Military-Driven Imperialism Today and the Newly Emerging Imperial Powers
One might conclude that the US imperial leadership would have ‘learned
the lessons’ of failed military-driven empire building from the their
experience over the past 50 years. But as we pointed out earlier, the
internal structural dynamics of the US economy and the reconfiguration
of the political elite directing the political system have led in the
opposite direction. The 21st century has witnessed the ascendancy of
the most zealous exponents of military-driven empire building in the
entire post-World War II period. An overview of US imperial policy
shows the proliferation and intensification of direct wars, surrogate
wars, military confrontations in which the US favors militarist allies
over countries with lucrative markets and profitable investment
opportunities in natural resources.
Market-Driven Versus Militarist Alliances
The militarist and Zionist takeover of US empire building in the 21st
century is manifested in their strategic decisions, alliances and
priorities, each and everyone of which is diametrically opposed to
market-based empire building and ultimately doomed to further erode the
position of the US empire.
The newly emerging empire building
states (like China), rely almost exclusively on market-driven
strategies designed by political elites linked to industrialists and
technocrats. They are quickly dominating manufacturing markets,
accessing strategic raw materials and securing long-term trade
agreements at the expense of the increasingly militarist, but
internally deteriorating US empire. Near the end of the first decade of
the 21st century, the imperial policies of the US militarists and
Zionists have demonstrated their willingness to make deep sacrifices in
market growth by choosing to align the US with costly and dubious
militarist regimes in all regions of the world, beginning with the US
alliance with Israel.
In the Middle East, unlike
market-driven empire builders, the US militarists and Zionists have
invaded Iraq and Afghanistan, destroying many lucrative oil deals and
joint ventures and leading to the quadrupling the world price of oil.

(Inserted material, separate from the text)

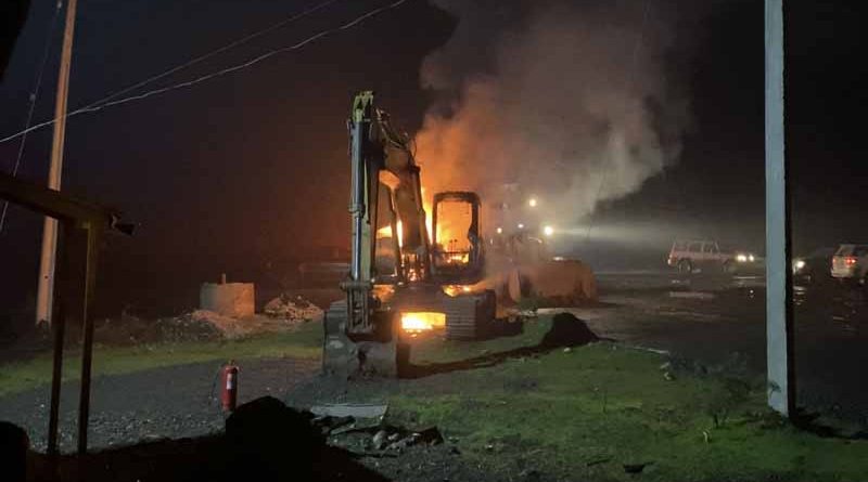 17 camiones y 3 retro excavadoras fue el resultado de este nuevo ataque incendiario en la región, Weichan Auka Mapu se adjudicó el ataque.
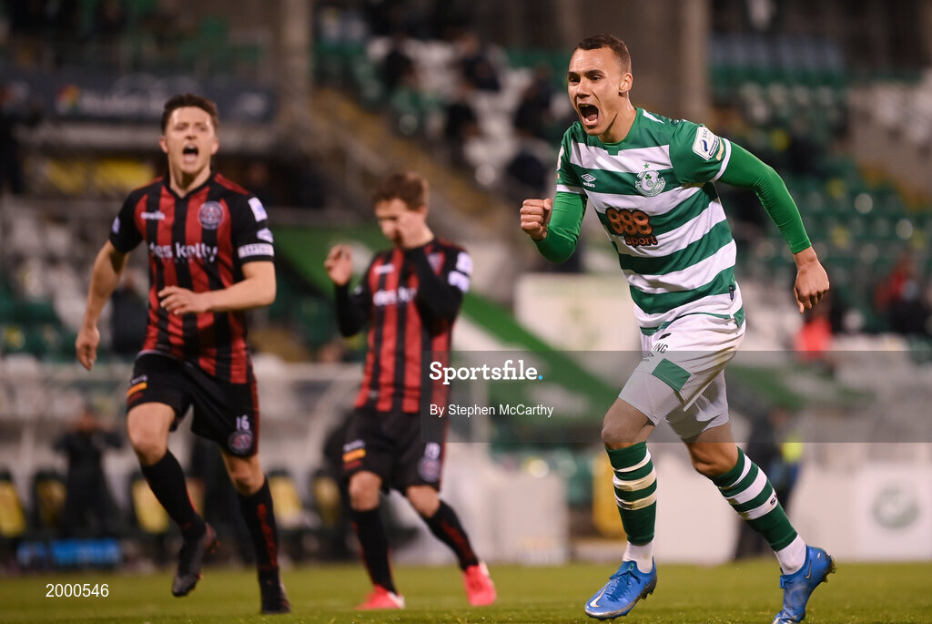 23 April 2021; Graham Burke of Shamrock Rovers celebrates after scoring his side's second goal, a penalty, during the SSE Airtricity League Premier Division match between Shamrock Rovers and Bohemians at Tallaght Stadium in Dublin. Photo by Stephen McCarthy/Sportsfile

Instead they have invested (and lost) over a trillion dollars in
non-productive, non-economic, military activity. Militarist imperialism
has weakened the entire economic fabric of the US Empire without any
‘compensatory’ gains on the military side. The prolonged war in Iraq (6
years and running) has demoralized the US ground troops and weakened US
military capability to engage in any ‘third front’ in which the US has
important economic interests. US liberal market-driven imperialists
describe this as ‘imperial overstretch’. While the US invests in
non-productive and unsuccessful military conquests, profoundly
indebting the domestic economy, China, India, Korea, Russia, Europe,
the Middle East and even Latin America pile up trade surpluses while
expanding their economic empires via private and sovereign investments.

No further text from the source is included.